И бегом, наперегонки все, кто стрелял, — к фанерным фигуркам. Вот она, твоя, справа вторая — с концентрическими кругами бело-черной мишени.
Ревностным взглядом ищешь пробоину. И, заметив единственную, с расщепленными краями дырочку рядом с белым, что называется «молоком», радуешься — попал! Но сколько тревоги в этом счастье солдатской удачи: лист из фанеры, а пуля прошила его настоящая.
— Для первого раза нормально, — успокаивает капитан.
Со стрельбища едут повеселевшие, с песнями. И нравится, что от автоматов отдает гарью пороха. Первое огневое крещение.
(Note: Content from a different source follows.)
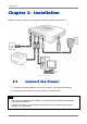 Installation Chapter 2: Installation Make sure that all devices are powered off before starting installation. Installation Diagram 2.1 Connect the Power 1. Connect the power adapter to the DC In jack of your Wireless Gateway. 2. Plug the power adapter to a wall outlet or a power strip. NOTE: • • Use only the supplied power adapter. Using other power adapters may cause damage to the device. Connect all devices to your Wireless Gateway before connecting the power adapter to a wall outlet.
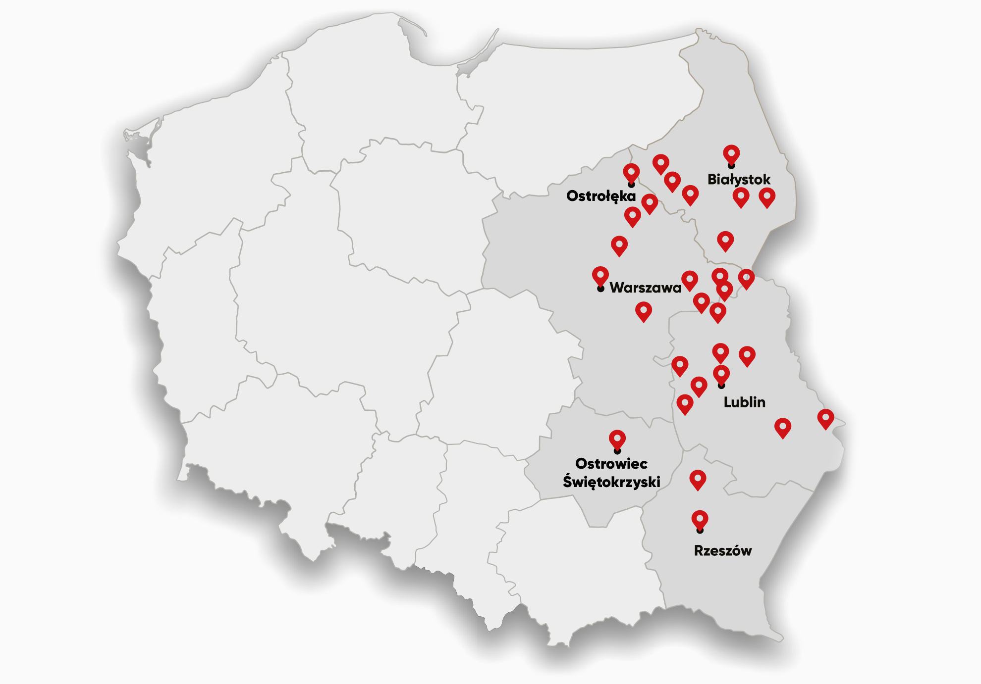 - 34 salony w województwach: Mazowieckie, Lubelskie, Podlaskie, Podkarpackie i Świętokrzyskie.

Но нет-нет да и глянут на небо: там еще предстояло учиться летать высоко и быстро и метко стрелять.
Из письма Юрия в Саратов Мартьянову:
«Здравствуйте, Дмитрий Павлович! С приветом к вам ваши воспитанники Гагарин и Колосов… У нас с Толяном все нормально. Учеба проходит неплохо. Занимаемся в одном классном отделении, спим через несколько коек друг от друга. В увольнение пока мы еще не ходили. Присягу еще не приняли… Все дни заняты учебой. Преподаватели здесь хорошие, но строгие, а командиры тоже. Шприца дают часто. Бываем в Зауральной роще на занятиях. Здесь часто бывают сильные морозы. Сегодня, например, мороз двадцать девять градусов. Кроме того, дуют сильные ветры, но мы привыкаем. Привыкаем и к солдатской жизни… Летать, очевидно, начнем в конце зимы…»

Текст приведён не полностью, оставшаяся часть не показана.